Partiamo dai miei album preferiti. Sono uno dietro l’altro nell’arco di due soli anni: Revolver, Sgt. Pepper's Lonely Hearts Club Band, Magical Mistery Tour e White Album. Dal 1966 al 1968 ci sono le canzoni che amo di più. In Revolver sbocciano i sitar di Harrison e arriva in occidente quell’ibridazione tra pop e musica indiana che al vostro piace assai, assai e lancia una vena psichedelica e interplanetaria mai vista e sentita prima. Possiamo parlare di globalizzazione culturale per il viaggio dei Beatles in India? Sicuramente e anche per questo e molti altri motivi considero la mescolanza tra culture, economie e persone un processo inarrestabile. Sono anni perfetti dove i nostri arrangiano i loro brani in mille mila modi passando da certe composizioni sature di suoni e soluzioni fantasiose ad altre scabre, essenziali e spigolose come in White Album. Se gli Inglesi son stanchi di sentire manfrine sui Beatles, qui in terra italica dove il trittico sole, cuore, amore trionfa ancora malgrado si navighi da tempo nel XXI secolo alcune loro canzoni suonano ancora come pericolosa avanguardia e alla fin fine anche blasonati gruppi UK degli anni 90 un orecchio a questi album lo hanno prestato eccome….

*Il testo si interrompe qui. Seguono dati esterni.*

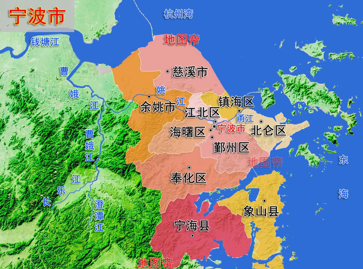 浙江寧波6區(qū)高清地圖,越王勾踐曾在此筑城 (2019-3-22 14:2:11)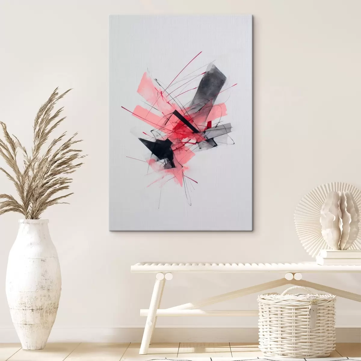 Obraz Abstrakcja z różowymi i czarnymi elementami geometrycznymi Nr s46950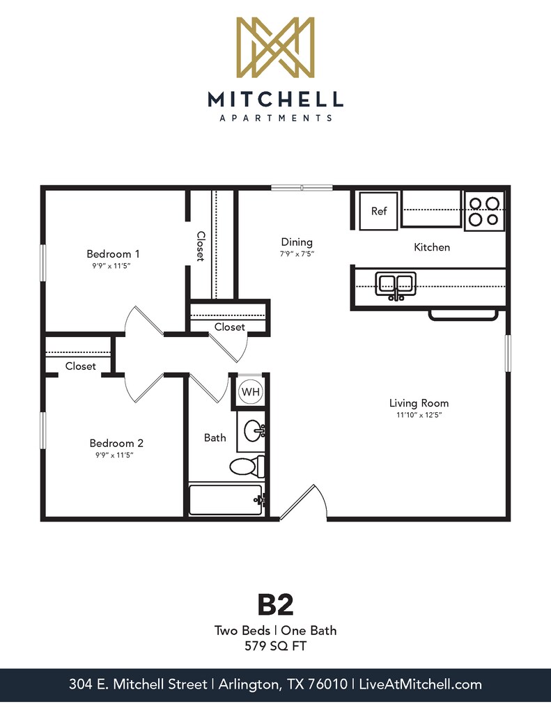 2 Dormitorios, 2 Baños, 1153 pies²Galería del Modelo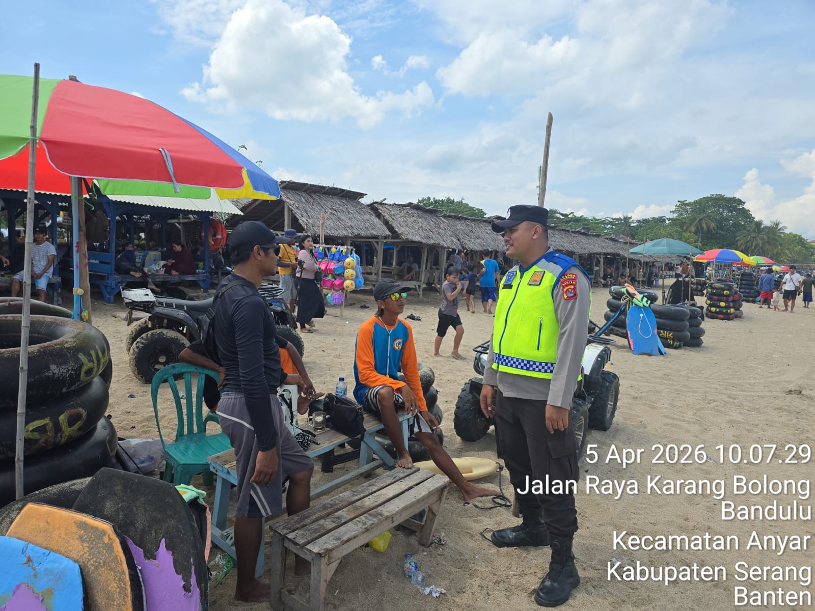 Pastikan Keamanan dan Keselamatan, Bhabinkamtibmas Polsek Anyer Polres Cilegon berikan himbauan kamtibmas kepada pengelola wisata Pantai.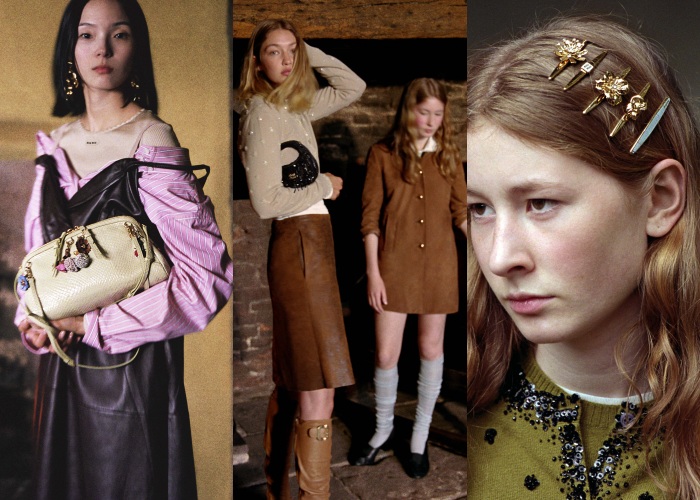 在庄园里庆祝年末假日会是什么模样?Miu Miu的2025假日系列大片满足了大家的想象。Miu Miu的拍摄场景以英国乡村的一座伊丽莎白时代庄园作为节日聚会背景,主要演绎的是熟悉的脸庞,有Gigi Hadid、Dede Mansro、Viola Sharp 和雎晓雯领,由Angela Hill 掌镜的这组大片采用 Super 8 胶片拍摄。可见柔和色调的皱褶刺绣公爵缎、拼接设计羊毛皮、缀有亮片和珠饰的针织衫、灵动的斜裁缎面、灵感源自内衣的弹力乔其纱与富有女性魅力的印花。经典莫卡辛软皮鞋、乐福鞋、拖鞋以及芭蕾鞋与及膝弹力皮靴、超平底运动鞋以及搭配罗缎装饰的尖头高跟鞋形成鲜明对比,为鞋履品类增添层次。手袋包括经典Wander、Arcadie、Pocket、Beau、Solitaire以及双肩背包,采用经典色彩,并为假日系列推出红色款式。
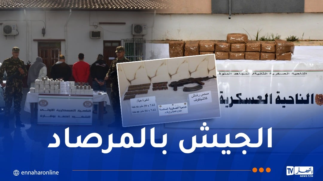 تمكنت وحدات الجيش الشعبي الوطني من توقيف 10 عناصر دعم للجماعات الإرهابية وإحباط محاولات إدخال أكثر من 4 قناطير من الكيف المغربي، وضبط أزيد من مليون قرص مهلوس خلال أسبوع.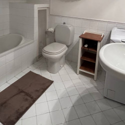 bagno con vasca. Comodo salotto con zona pranzo separata e completo di cucina attrezzata.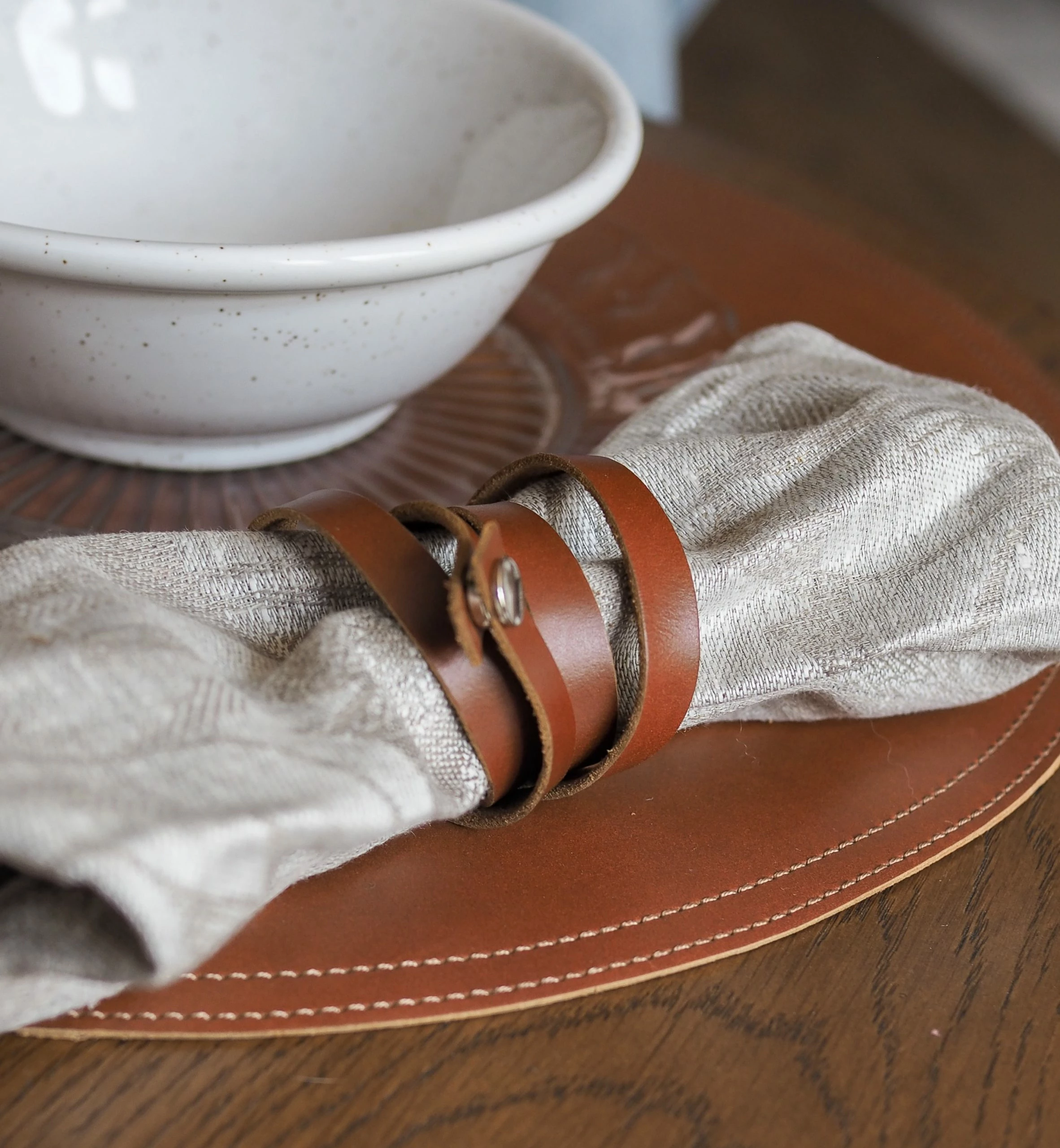 Шнурок из натуральной кожи легко и непринужденно обернет вашу салфетку и придаст законченный и стильный вид декору обеденного стола.

La vena pop psichedelica dei Beatles, ben riassunta nello yellow submarine transoceanico o nei canti indiani di George Harrison e dintorni e nelle ballate dedicate a Prudence Farrow ci trascina nelle acque di un Gange fantastico dove la nostra barchetta è trascinata verso dimensioni parallele e imbarca acqua di milioni di anni fa. O forse appena caduta dal cielo? Chi lo sa? Certo lasciarsi portare da queste ondate di colori sonori, strumenti, rumori, voci, testi e personalità così diverse fa girar la testa. Non ci resta che scrutare la copertina di Sgt. Pepper's un po’ ubriachi per scoprire l’identità di tutti personaggi che compaiono ed i rimandi culturali che rappresentano. Forse i Beatles sono un puzzle da comporre ascolto dopo ascolto?

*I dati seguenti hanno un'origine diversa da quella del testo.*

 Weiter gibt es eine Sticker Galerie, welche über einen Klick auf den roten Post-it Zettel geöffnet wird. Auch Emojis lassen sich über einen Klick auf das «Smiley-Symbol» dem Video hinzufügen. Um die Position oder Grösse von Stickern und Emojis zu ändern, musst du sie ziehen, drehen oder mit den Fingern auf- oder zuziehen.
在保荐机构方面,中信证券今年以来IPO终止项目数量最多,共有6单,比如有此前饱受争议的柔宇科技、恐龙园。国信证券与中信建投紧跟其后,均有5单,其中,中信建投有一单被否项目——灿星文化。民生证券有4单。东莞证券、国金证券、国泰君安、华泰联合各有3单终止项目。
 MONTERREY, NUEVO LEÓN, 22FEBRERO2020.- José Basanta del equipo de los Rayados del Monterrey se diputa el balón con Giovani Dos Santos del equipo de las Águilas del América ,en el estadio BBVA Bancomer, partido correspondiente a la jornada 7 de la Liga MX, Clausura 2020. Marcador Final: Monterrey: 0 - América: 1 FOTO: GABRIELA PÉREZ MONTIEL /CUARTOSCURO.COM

Indubbiamente un puzzle minimale di 4 pezzi, ma difficile da comporre con Paul mancino, melodico e romantico, John invece un blues sghembo, spigoloso e poco incline al compromesso, George buono, paziente e viaggiatore, Ringo introverso e silenzioso. Un’unione difficile per questi figli della working class, ma quando è complesso fare una sintesi o non ne esce nulla, perché il tentativo fallisce miseramente o proprio nelle discussioni e negli scontri continui emergono soluzioni significative e inattese. Proprio questo è il caso dei Beatles e proprio per questo la loro storia non sarà mai una stanca e bolsa riproposizione, ma ha avuto un inizio ed una fine e non ci ha lasciato decine di dischi inutili. Meno male.

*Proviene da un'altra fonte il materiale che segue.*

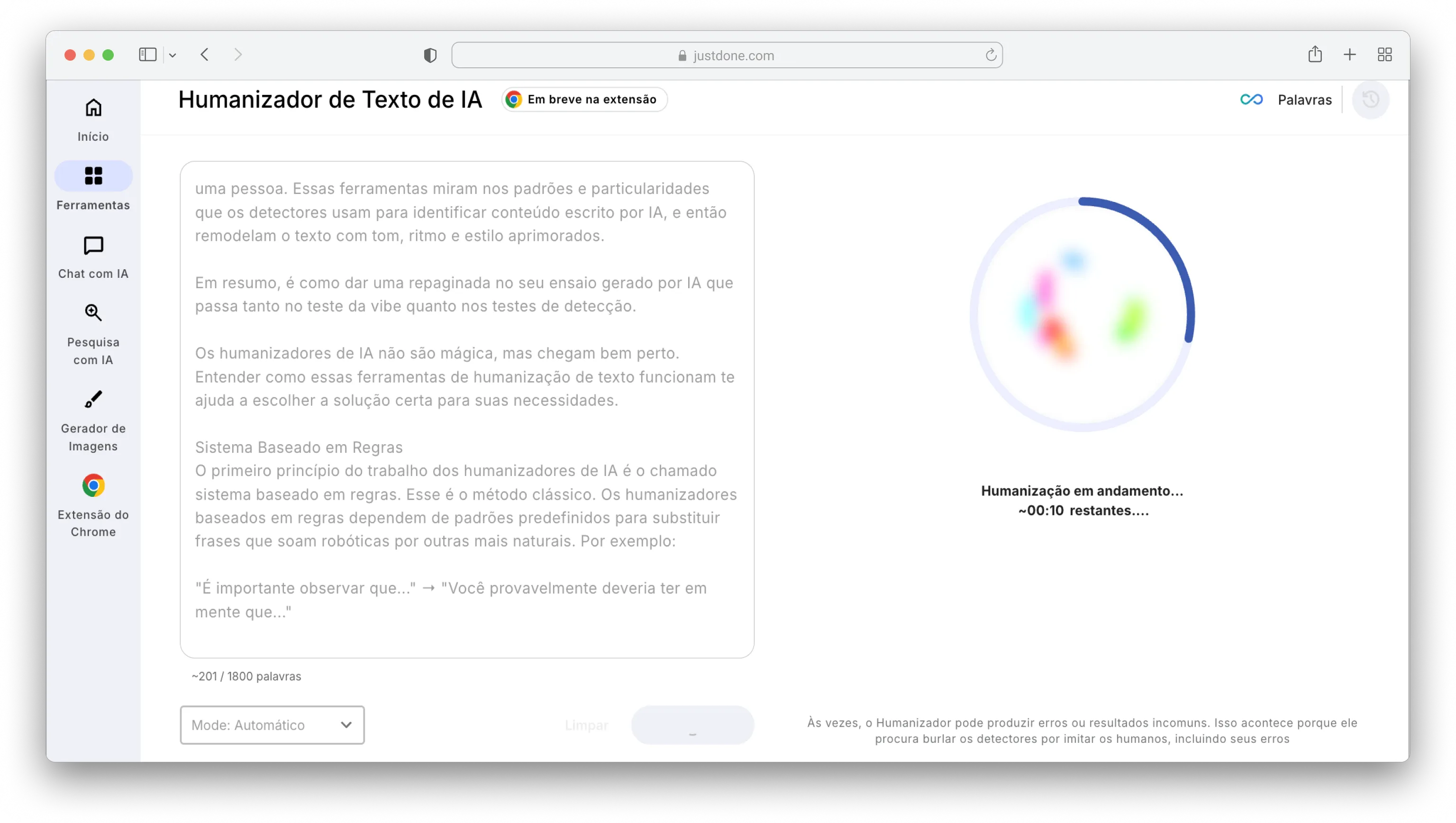Em vez de apenas trocar palavras como um dicionário de sinônimos, um bom humanizador altera a estrutura de suas frases, muda o ritmo e reescreve a formulação de uma maneira mais natural. Isso faz com que seu texto soe mais como algo que você realmente diria ou escreveria, e não como algo copiado ou reescrito por uma máquina. O objetivo não é trapacear, mas tornar sua redação genuinamente sua, mantendo as ideias centrais intactas.

C’è nella loro musica qualcosa che sa mettermi di buon umore, anzi rendermi felice. Ad un ascolto attento troviamo attitudini atipiche per una band di pop, per esempio il desiderio di sperimentare di George Harrison che emergerà con chiarezza dopo lo scioglimento della band, ma ben presente anche in molte canzoni dei Beatles, il gusto per la melodia di McCartney, però mai banale con vertici come Eleanor Rigby ed Hey Jude. In Eleanor Rigby ad esempio troviamo un'orchestra di otto elementi (ottetto) formata da quattro violini, due viole e due violoncelli ad accompagnare la voce solista di Paul, a ribadire una sua passione per la musica classica, infatti in quegli anni Paul era un appassionato ascoltatore di Vivaldi. Comune? No. CLICCATE QUI per scoprire quali sapori e profumi dalla ricca dispensa dei Beatles ho deciso di selezionare per i vostri timpani: buon ascolto e buona domenica.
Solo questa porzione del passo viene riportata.